[Data excerpts]
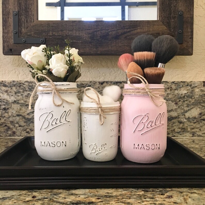Mason Jar Decor Bathroom Organizer For Toothbrush Q Tips Makeup
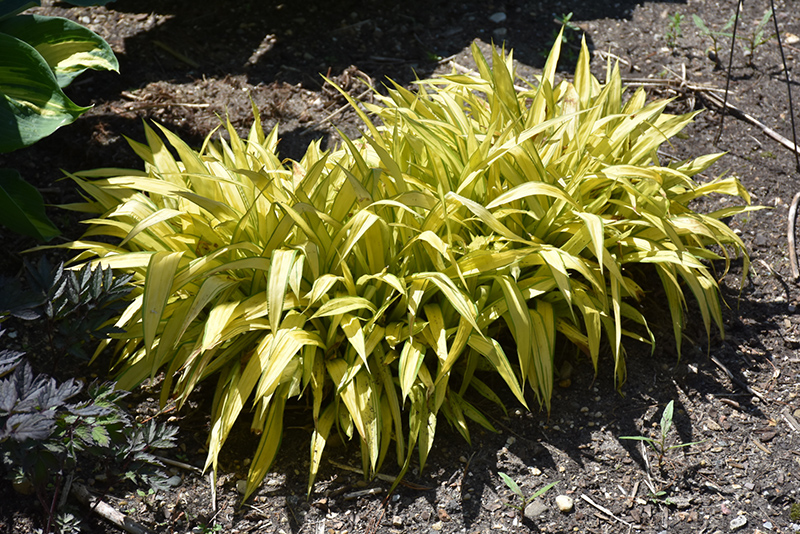 Grown for wide, grassy leaves; gold foliage with green edge; great in a moist border in shade or sun, does not like to dry out
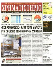 HRIMATISTIRIOA ‘Grand Con’ (Colpo Grosso) from foreign interests in capital share increases of the banks The plan was staged to unfold on the eve of the elections The game in the banks was clearly set up by foreign interests. With the banks in Greece informally going along with this game of profiteering – because they wanted to cover their capital needs. The smallholders were set up not to be destroyed but to follow their fate. The major foreign investment houses, in their efforts to perform a share capital increase of the Greek banks, supported the climate of euphoria with the aim, of course, of the rewards of 220-230 million euros which they received in the end without much effort. The foreigners weren’t guarantors or beneficiaries but simple consultants over the issuance and for their role received 220 with 230 million. However the true worth of their reward was much greater, if it is taken into account that they received shares in the banks on their books at prices lower than that offered in the share capital increase. |
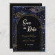 Meddela din speciella dag med den här eleganten mystikalt Spara datumkortet. Med en svart bakgrund i riken med skuggande faux guld-stjärnor och konstellationer utstrålar den här designen en känsla av kosmisk romantik och tidlös elegans. Den förfinade layouten och de roliga detaljerna skapar en drömatmosfär, perfekt för stjärnande själar och förtrollade kvällar. Ett intressant sätt att markera början på din kärlek-artikel i stjärnorna.
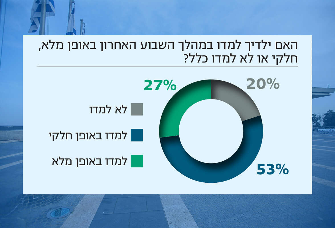כשליש מהישראלים העובדים (32%) מעידים כי החסירו ימי עבודה בשבוע האחרון, ורק כשליש מהישראלים (27%) מעידים שילדיהם לומדים בשבוע האחרון בבתי הספר. היתר מעידים כי ילדיהם לא למדו כלל (20%) או למדו רק באופן חלקי (53%), כך עולה מסקר "ישראל היום", שנערך השבוע על ידי פרופ' יצחק כ"ץ מ"מאגר מוחות" בקרב 508 משתתפים בני 18 ומעלה מכלל האוכלוסייה הישראלית הבוגרת.

[Problem to solve] Exact copies of all the entries are needed; output them without the pictures.

[Result of the task]
Mason Jar Decor Bathroom Organizer For Toothbrush Q Tips Makeup
 Grown for wide, grassy leaves; gold foliage with green edge; great in a moist border in shade or sun, does not like to dry out
 HRIMATISTIRIOA ‘Grand Con’ (Colpo Grosso) from foreign interests in capital share increases of the banks The plan was staged to unfold on the eve of the elections The game in the banks was clearly set up by foreign interests. With the banks in Greece informally going along with this game of profiteering – because they wanted to cover their capital needs. The smallholders were set up not to be destroyed but to follow their fate. The major foreign investment houses, in their efforts to perform a share capital increase of the Greek banks, supported the climate of euphoria with the aim, of course, of the rewards of 220-230 million euros which they received in the end without much effort. The foreigners weren’t guarantors or beneficiaries but simple consultants over the issuance and for their role received 220 with 230 million. However the true worth of their reward was much greater, if it is taken into account that they received shares in the banks on their books at prices lower than that offered in the share capital increase. |
 Meddela din speciella dag med den här eleganten mystikalt Spara datumkortet. Med en svart bakgrund i riken med skuggande faux guld-stjärnor och konstellationer utstrålar den här designen en känsla av kosmisk romantik och tidlös elegans. Den förfinade layouten och de roliga detaljerna skapar en drömatmosfär, perfekt för stjärnande själar och förtrollade kvällar. Ett intressant sätt att markera början på din kärlek-artikel i stjärnorna.
כשליש מהישראלים העובדים (32%) מעידים כי החסירו ימי עבודה בשבוע האחרון, ורק כשליש מהישראלים (27%) מעידים שילדיהם לומדים בשבוע האחרון בבתי הספר. היתר מעידים כי ילדיהם לא למדו כלל (20%) או למדו רק באופן חלקי (53%), כך עולה מסקר "ישראל היום", שנערך השבוע על ידי פרופ' יצחק כ"ץ מ"מאגר מוחות" בקרב 508 משתתפים בני 18 ומעלה מכלל האוכלוסייה הישראלית הבוגרת.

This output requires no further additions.